FIELD OF THE INVENTION
[0002] The present invention is generally related to employment
recruitment tools. More particularly, the present invention is
directed to a user interface, search technology, and scoring
technique to automatically provide information to aid in recruiting
software developers.
BACKGROUND OF THE INVENTION
[0003] Recruiting skilled software developers is a difficult task.
How does one find qualified candidates? Many of the conventional
recruiting approaches based on reviewing resumes do not work well
for recruiting software developers.
[0004] One of the problems in the prior art is identifying
individuals who have expertise in specific software languages as
well as the passion and ingenuity to solve specific problems. How
does a recruiter evaluate the actual skills and talents of
prospective candidates? Education alone is not adequate to
determine actual talent. Nor is the number of years working in
industry a good measure of talent.
[0005] Another problem in the prior art is identifying whether a
candidate for a software development position will be a good social
fit for a company. Conventional resumes do not provide a good
indicator of the social fit of a candidate.
[0006] One aspect of these problems in the prior art is that it is
difficult to perform a pre-screening to identify talented
candidates to fill a software development position. As a result,
many companies waste enormous amounts of time trying to find
qualified candidates to fill software development positions.
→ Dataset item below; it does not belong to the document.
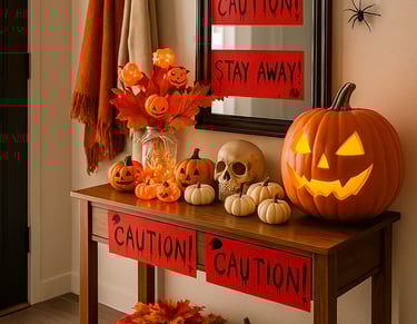 Fini le orange criard ! Aujourdâhui, les dĂ©corations dâHalloween adoptent une palette naturelle et moderne : beige, vert sauge, dorĂ©, noir mat.

Additionally, the difficulties in assessing the actual talent of a
candidate means that companies sometimes end up with employees that
cannot perform as expected.
SUMMARY OF THE INVENTION
[0007] A recruiting service generates a graphical user interface in
response to a query. The graphical user interface provides profile
information for software developers. The profile information
includes a ranking based on analysis of public code repositories
and may also include other information regarding the knowledge,
experience, and influence of a developer. The profile information
may also be augmented with additional social media information,
such as social media links for a developer. A messaging link may
also optionally be provided to contact a developer. The recruiting
service thus permits a user to input a query to find software
developers with specific skills and receive a graphical user
interface providing objective evaluation information based on the
code written by the developer.
BRIEF DESCRIPTION OF THE DRAWINGS
[0008] FIG. 1 is a high level diagram illustrating a recruiting
service for software developers in accordance with an embodiment of
the present invention.
[0009] FIG. 2 is a screenshot illustrating a graphical user
interface displaying an initial listing of profiles matching a
query in accordance with an embodiment of the present
invention.
[0010] FIG. 3 is a screenshot illustrating the graphical user
displaying a first portion of an individual profile in accordance
with an embodiment of the present invention.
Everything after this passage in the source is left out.